Os embargos de declaração foram rejeitados. No recurso especial, a recorrente aponta ofensa aos seguintes dispositivos legais: (a) art. 1.022 do CPC, aduzindo que o acórdão proferido no julgamento do recurso não se manifestou sobre a incidência dos artigos 24, XVIII, 77, V e 78-F, § 1 0 , da Lei 10.233/2001 - a análise de tais dispositivos legais é fundamental para a comprovação da tese da recorrente, pois esclarece o poder normativo da Agência e a legalidade da aplicação da multa com fundamento na legislação vigente; (b) arts. 24, XVIII, 77, V e 78-F, § 1º, da Lei 10.233/2001, alegando que: i) o Tribunal de origem afastou o poder normativo que foi outorgado pelo Congresso Nacional à ANTT, , contrariando a expressa redação dos artigos citados que atribuem poder regulamentar à Agências Reguladora recorrente - decorrentes do poder de polícia administrativa - e com fundamento no qual a ANTT editou a Resolução no 4.071/2013, que em seu art. 8º, inciso VII, prescreve a infração de "deixar de adotar as providências cabíveis, inclusive por vias judiciais, para garantia do patrimônio da rodovia, da faixa de domínio, das edificações e dos bens da concessão, inclusive quanto à implantação de acessos irregulares e ocupações ilegais"; ii) da simples análise dos fatos narrados pelo acórdão recorrido, resta clara a higidez do Auto de Infração nº 043/2015, já que a recorrida tem o dever de manter a integridade da faixa de domínio do Sistema Rodoviário; iii) não existe na norma editada pela ANTT qualquer diferenciação quanto a licitude da ocupação da faixa de domínio - a obrigação da recorrida é manter a integridade da faixa de domínio do Sistema Rodoviário Concedido.
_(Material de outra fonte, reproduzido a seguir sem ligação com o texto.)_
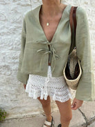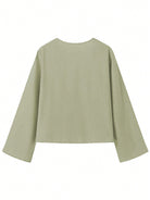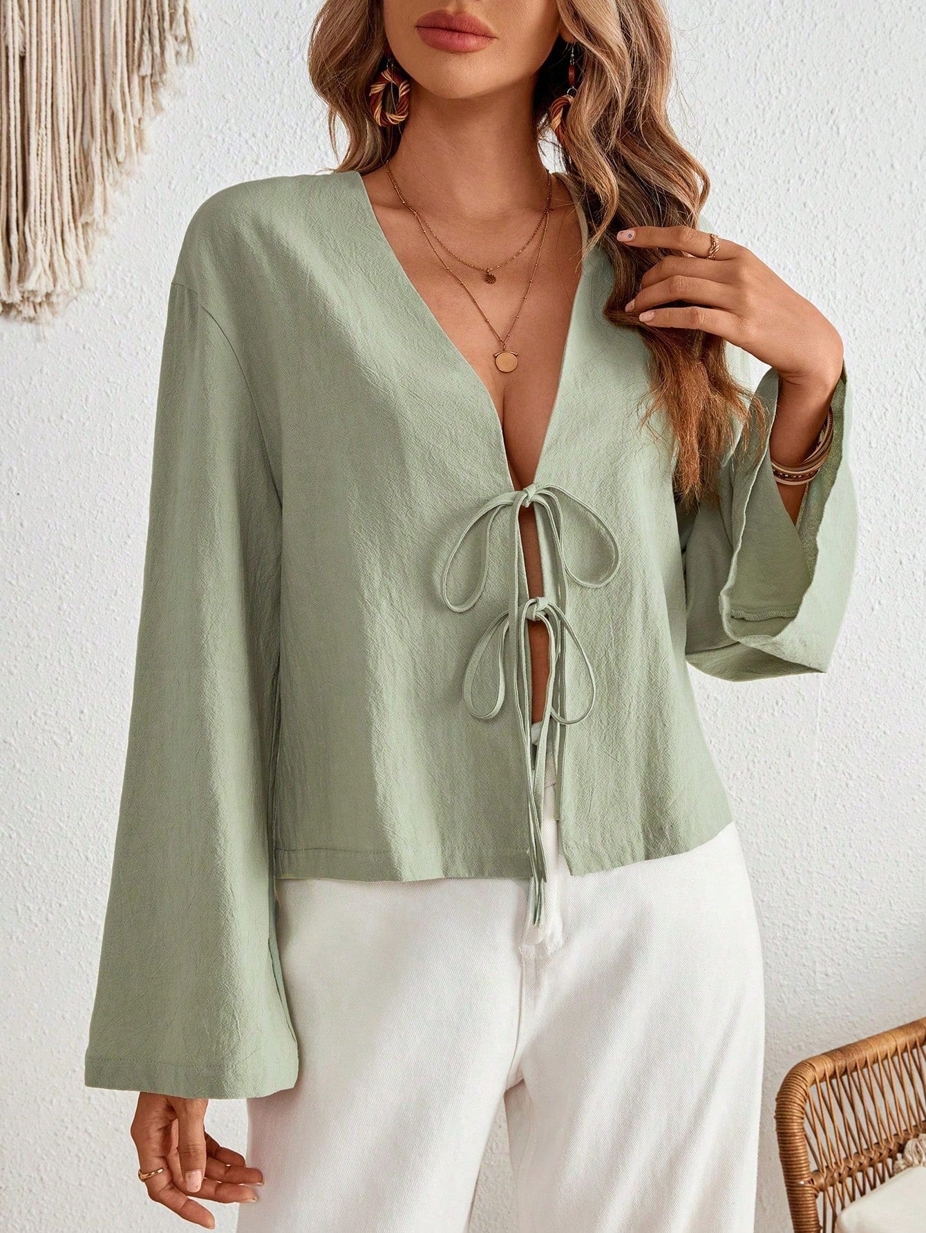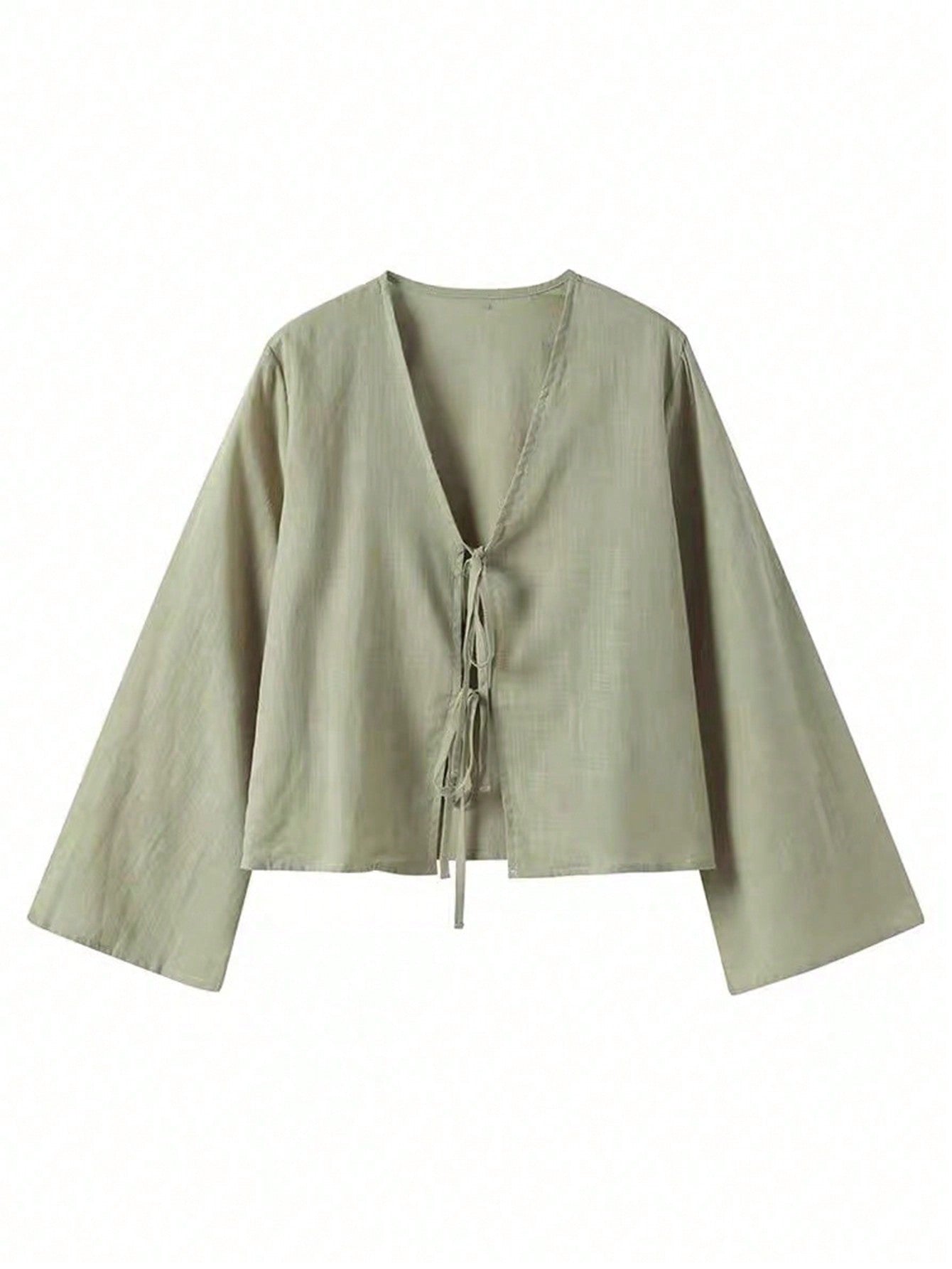 INAWLY Women's Vacation Casual Solid Color Tie Front Flare Sleeve Blouse Women Shirt

Foram apresentadas contrarrazões.

Sobreveio juízo negativo de admissibilidade à consideração de que: a) não se admite o recurso especial pela violação ao art. 1022 do CPC, se não apontada a omissão no acórdão recorrido e/ou se o Tribunal decide fundamentadamente a questão; b) o tema relativo à incidência dos artigos 24, XVIII, 77, V e 78-F, § 1º, da Lei nº 10.233/2001, somente veio a ser objeto de questionamento pela autarquia nos embargos de declaração; c) para fins da interposição do apelo excepcional, é inviável a análise da contrariedade a ato normativo secundário, tais como Resoluções, Portarias, Regimentos, Instruções Normativas e Circulares, por não se equipararem ao conceito de lei federal; d) o enfrentamento da questão, nos moldes em que delimitada na causa, inequivocamente, não dispensaria novo exame sobre o acervo probatório constante dos autos, providência vedada na via especial, conforme o óbice da Súmula 7/STJ.

Insurge a parte agravante contra essa decisão, afirmando que, ao contrário do que supõe o juízo de admissibilidade, o recurso especial reúne condições de ser processado.

Houve contraminuta pela parte agravada.

É o relatório. Passo a decidir.

Preenchido os pressupostos de admissibilidade do agravo, passo ao exame do recurso especial.

Preliminarmente afasto à alegada violação ao artigo 1.022, II, CPC.

Como se sabe, cabe ao magistrado decidir a questão de acordo com o seu livre convencimento, não estando obrigado a rebater um a um os argumentos apresentados pela parte quando já encontrou fundamento suficiente para decidir a lide.